I'm not an expert in this but my answer, to both questions, is no. First, the violence in Nigeria has been ongoing, as I note in the blog post, for an extended period of time in Nigeria. While this would mark an escalation and would be another sign that the Nigerian army is not doing as well as they are claiming, this is still more-or-less out of the BK playbook.
For AS, in my opinion, this marks a drastic escalation and a new strategy of bringing their fight, which has been centrally located in Somalia, to a new arena. They have long threatened retaliation against nations who have forces in Somalia. If this is in fact them, I'm afraid it won't be there last attack outside Somalia. Furthermore, you can be sure that AS got what it wanted in terms of bringing their cause to the international level just like they did in 1993.
Therefore, I do not think the attacks are related. But could the organizations be? An overeager analyst might look at their religious backing and instantly jump to the conclusion that they must be collaborating. However I think there is little reason to believe that. First of all, AS is an affiliate of al-Qaida - indeed it is the Somali cell of AQ. BH works exclusively within Nigerian and does not seem to be affiliated with any outside groups (though several within Nigeria). The attack they orchestrated against the UN two years ago was of a sophistication level that made many rush to believe they were receiving outside support but nothing since then has spoken to that. They do not go for high profile Western targets usually, a classic move of AS and AQ.

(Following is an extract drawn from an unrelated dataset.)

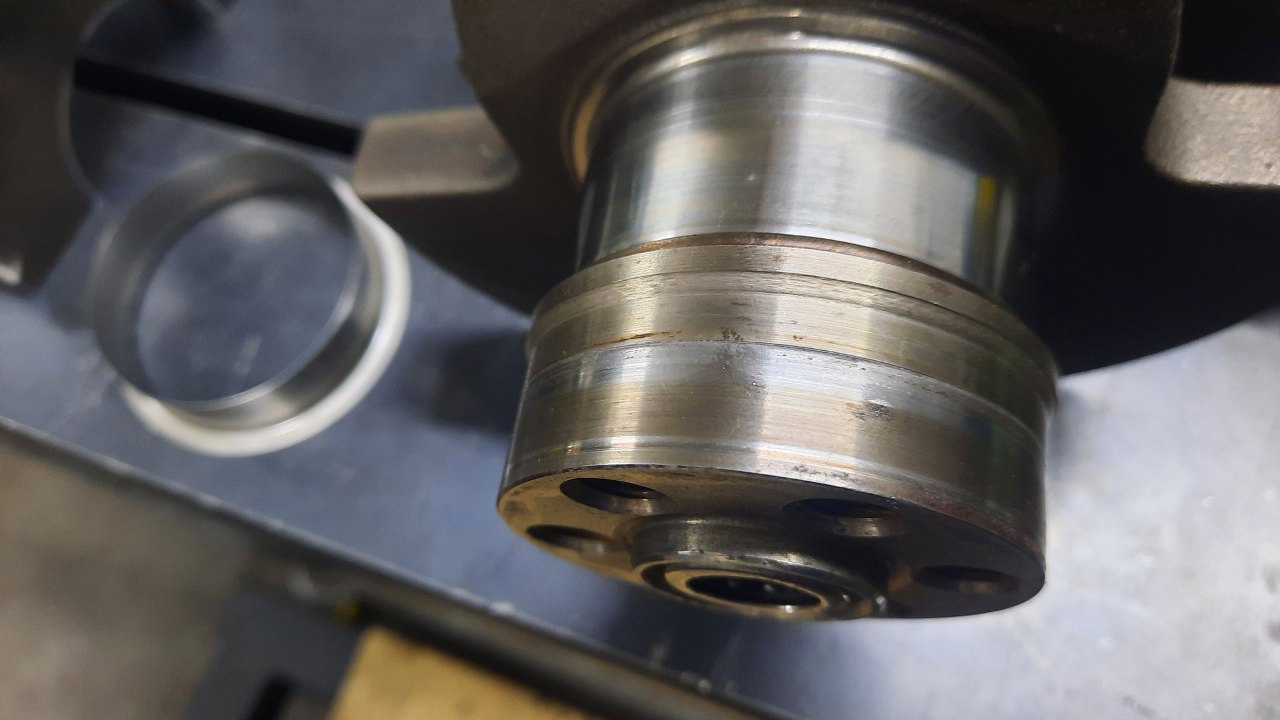 Okazało się niestety, że płaszczyzna wału, po której ślizga się uszczelniacz, ma wyrobiony rowek. Prawdopodobnie guma w starym simmeringu zesztywniała ze starości i wytoczyła ten rowek. To by ciekło... Ale na szczęście miałem (naprawdę miałem na półce, bo kupiłem do jeszcze innego silnika) pod ręką tuleję naprawczą na ten wymiar - widać ją niewyraźnie w tle.

What makes it difficult, though, is that BH is no one single entity. It can be (in a gross oversimplification) be broken down into three parts: the religious part (the originals); the nationalists (who are using the organization in a fight for secession from the rest of Nigeria); and, the opportunistic (rogue policy, military etc. who are using the chaos to gain for themselves). So long as BH lacks a united front, which AS has much more of, it will be difficult to ever identify what is orchestrated by what you think of as BH.
I hope I answered your questions without causing additional confusion and maybe some additional controversy. I can send you some great additional reading if you're interested as well!